======== RECORDED DATA ========
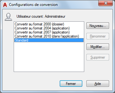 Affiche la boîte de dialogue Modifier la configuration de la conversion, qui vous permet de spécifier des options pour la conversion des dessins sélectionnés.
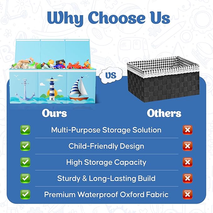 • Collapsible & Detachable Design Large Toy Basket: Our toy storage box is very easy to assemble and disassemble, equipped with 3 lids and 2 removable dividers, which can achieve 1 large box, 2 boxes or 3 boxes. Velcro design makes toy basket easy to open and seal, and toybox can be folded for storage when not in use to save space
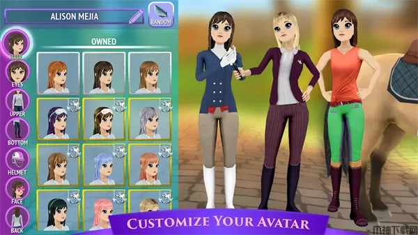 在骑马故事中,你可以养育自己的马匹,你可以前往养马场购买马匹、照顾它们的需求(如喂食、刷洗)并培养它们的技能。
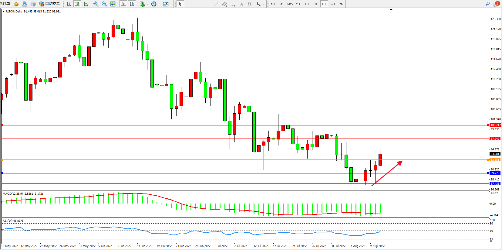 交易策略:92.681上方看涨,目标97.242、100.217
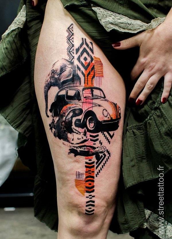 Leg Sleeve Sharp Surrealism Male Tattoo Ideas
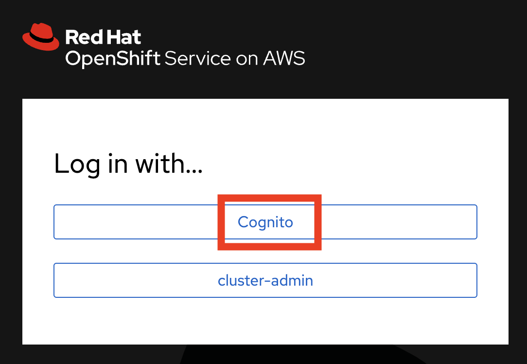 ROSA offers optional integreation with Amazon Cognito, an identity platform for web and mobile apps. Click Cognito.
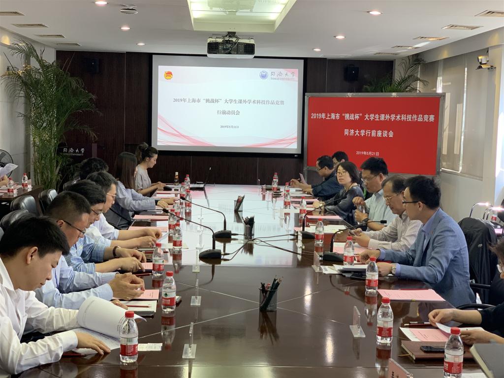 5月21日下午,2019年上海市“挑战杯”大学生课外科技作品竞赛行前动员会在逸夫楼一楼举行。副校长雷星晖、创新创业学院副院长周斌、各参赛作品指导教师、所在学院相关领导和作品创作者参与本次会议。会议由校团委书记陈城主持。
========
EXERCISE REQUIREMENTS.
Leave out the pictures; repeat the data exactly.

ANSWER.
 Affiche la boîte de dialogue Modifier la configuration de la conversion, qui vous permet de spécifier des options pour la conversion des dessins sélectionnés.
 • Collapsible & Detachable Design Large Toy Basket: Our toy storage box is very easy to assemble and disassemble, equipped with 3 lids and 2 removable dividers, which can achieve 1 large box, 2 boxes or 3 boxes. Velcro design makes toy basket easy to open and seal, and toybox can be folded for storage when not in use to save space
 在骑马故事中,你可以养育自己的马匹,你可以前往养马场购买马匹、照顾它们的需求(如喂食、刷洗)并培养它们的技能。
 交易策略:92.681上方看涨,目标97.242、100.217
 Leg Sleeve Sharp Surrealism Male Tattoo Ideas
 ROSA offers optional integreation with Amazon Cognito, an identity platform for web and mobile apps. Click Cognito.
 5月21日下午,2019年上海市“挑战杯”大学生课外科技作品竞赛行前动员会在逸夫楼一楼举行。副校长雷星晖、创新创业学院副院长周斌、各参赛作品指导教师、所在学院相关领导和作品创作者参与本次会议。会议由校团委书记陈城主持。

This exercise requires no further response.